** EXTRACTED RECORDS follows **
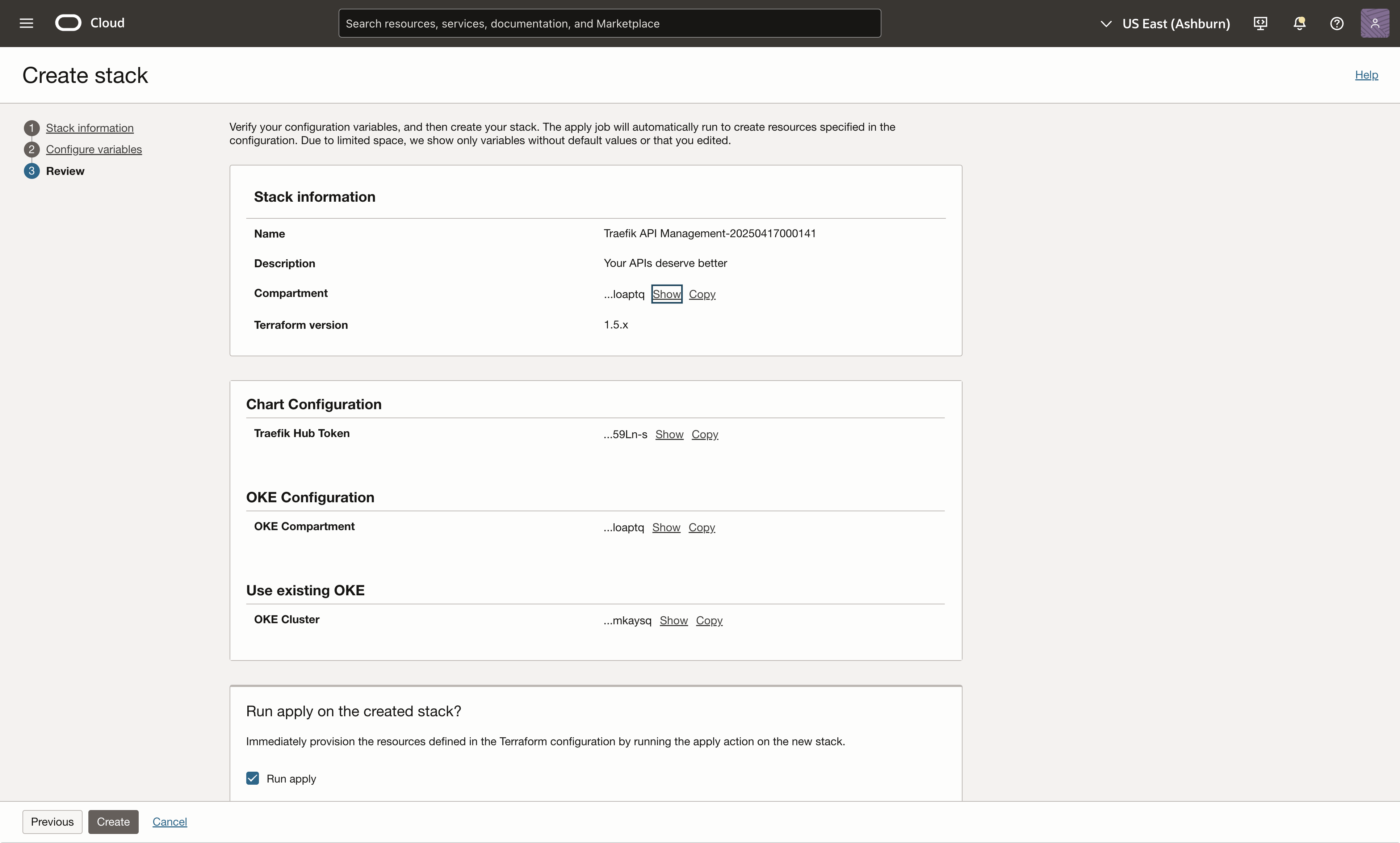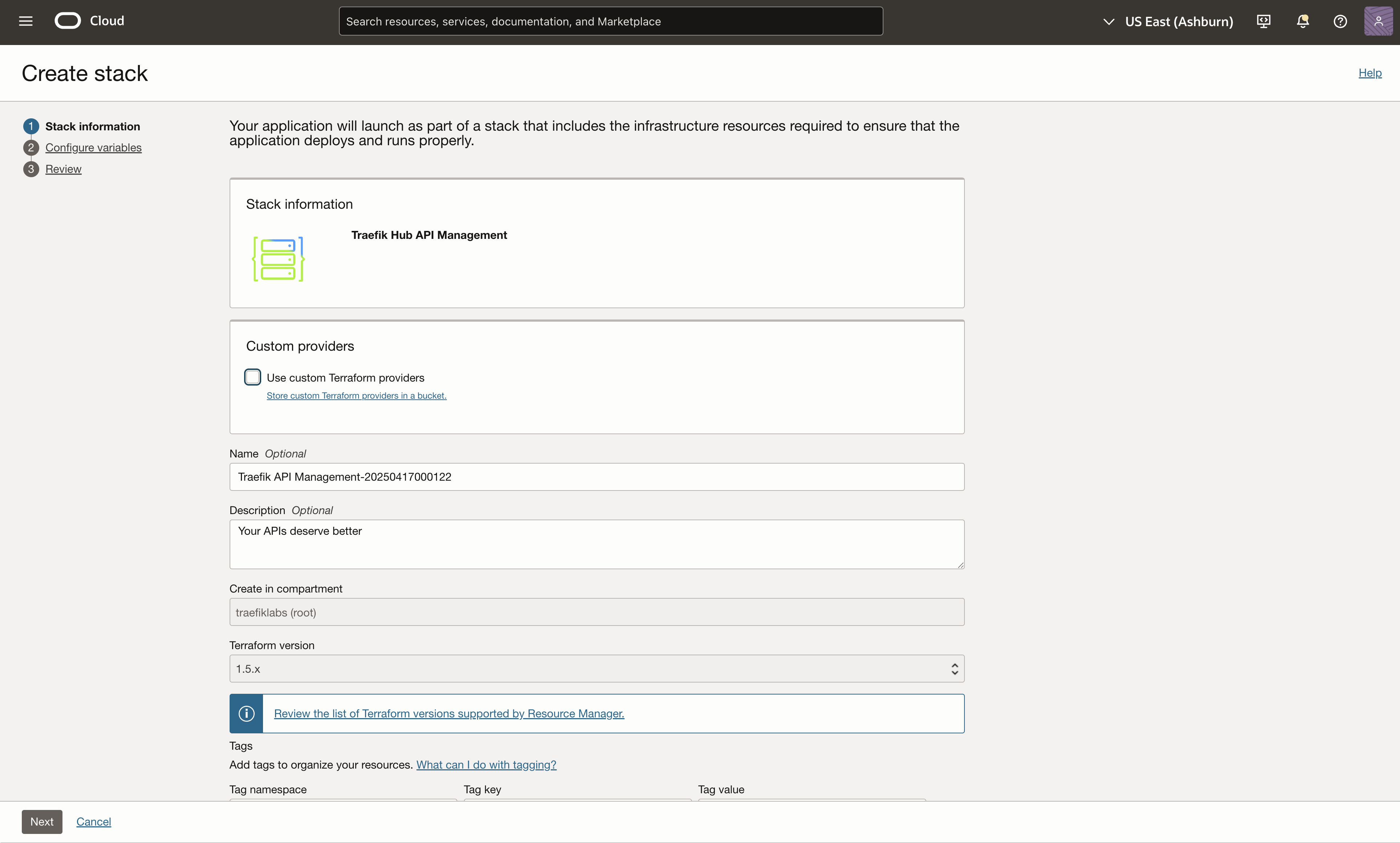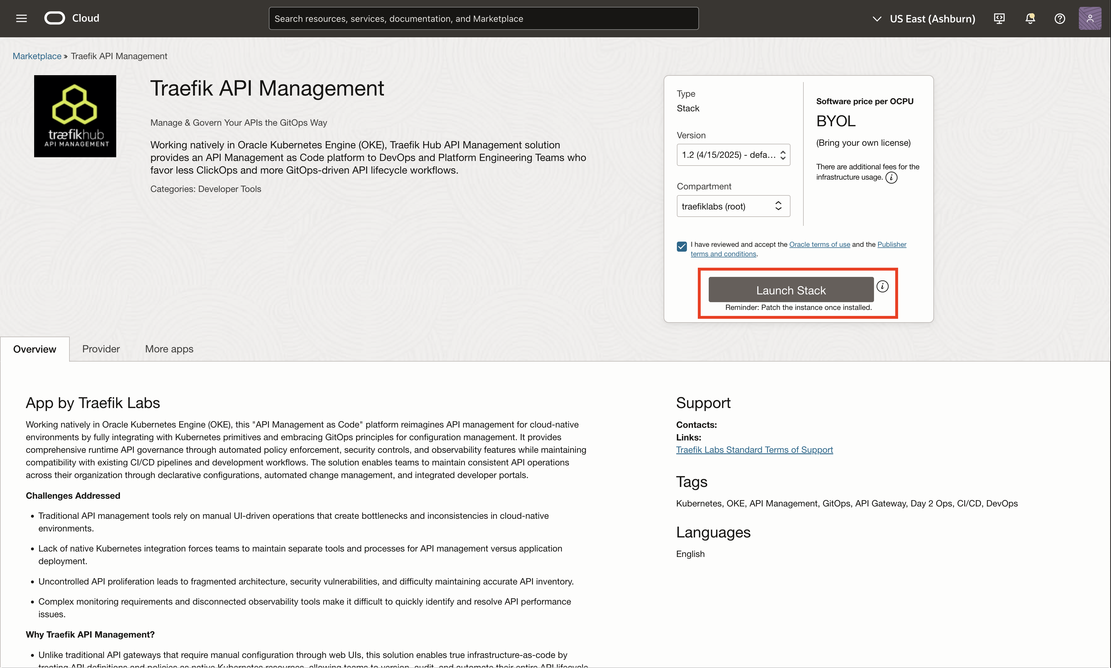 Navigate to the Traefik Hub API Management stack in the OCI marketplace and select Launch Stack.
** End of EXTRACTED RECORDS **
** EXTRACTED RECORDS follows **
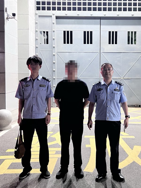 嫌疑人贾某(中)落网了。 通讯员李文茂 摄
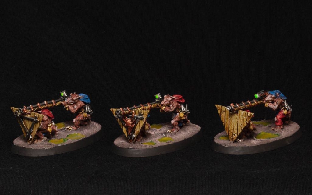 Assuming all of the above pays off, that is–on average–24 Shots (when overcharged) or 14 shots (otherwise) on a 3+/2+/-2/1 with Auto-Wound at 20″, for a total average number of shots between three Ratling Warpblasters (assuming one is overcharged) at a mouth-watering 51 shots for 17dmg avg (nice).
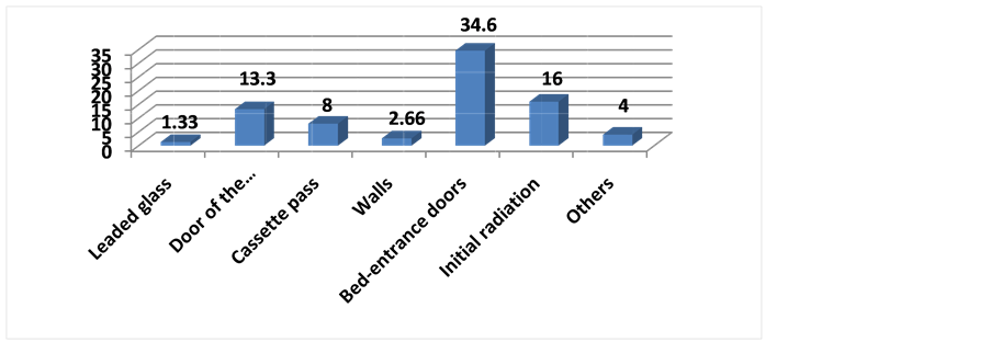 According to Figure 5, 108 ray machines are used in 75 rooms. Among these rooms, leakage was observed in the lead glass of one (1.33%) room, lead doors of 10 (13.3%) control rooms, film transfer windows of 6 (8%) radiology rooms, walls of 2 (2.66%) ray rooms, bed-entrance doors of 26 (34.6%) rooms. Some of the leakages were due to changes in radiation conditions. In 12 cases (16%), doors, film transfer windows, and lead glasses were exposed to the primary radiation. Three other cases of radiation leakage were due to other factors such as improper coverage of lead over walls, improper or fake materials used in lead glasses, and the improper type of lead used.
** End of EXTRACTED RECORDS **
* **WHAT THIS TASK INVOLVES**
Each line above from the one containing "嫌疑人贾某(中)落网了。 通讯员李文茂 摄" through the one containing "According to Figure" is to be returned verbatim. Nothing else, and no pictures.

* **TASK RESULT**
 嫌疑人贾某(中)落网了。 通讯员李文茂 摄
 Assuming all of the above pays off, that is–on average–24 Shots (when overcharged) or 14 shots (otherwise) on a 3+/2+/-2/1 with Auto-Wound at 20″, for a total average number of shots between three Ratling Warpblasters (assuming one is overcharged) at a mouth-watering 51 shots for 17dmg avg (nice).
 According to Figure 5, 108 ray machines are used in 75 rooms. Among these rooms, leakage was observed in the lead glass of one (1.33%) room, lead doors of 10 (13.3%) control rooms, film transfer windows of 6 (8%) radiology rooms, walls of 2 (2.66%) ray rooms, bed-entrance doors of 26 (34.6%) rooms. Some of the leakages were due to changes in radiation conditions. In 12 cases (16%), doors, film transfer windows, and lead glasses were exposed to the primary radiation. Three other cases of radiation leakage were due to other factors such as improper coverage of lead over walls, improper or fake materials used in lead glasses, and the improper type of lead used.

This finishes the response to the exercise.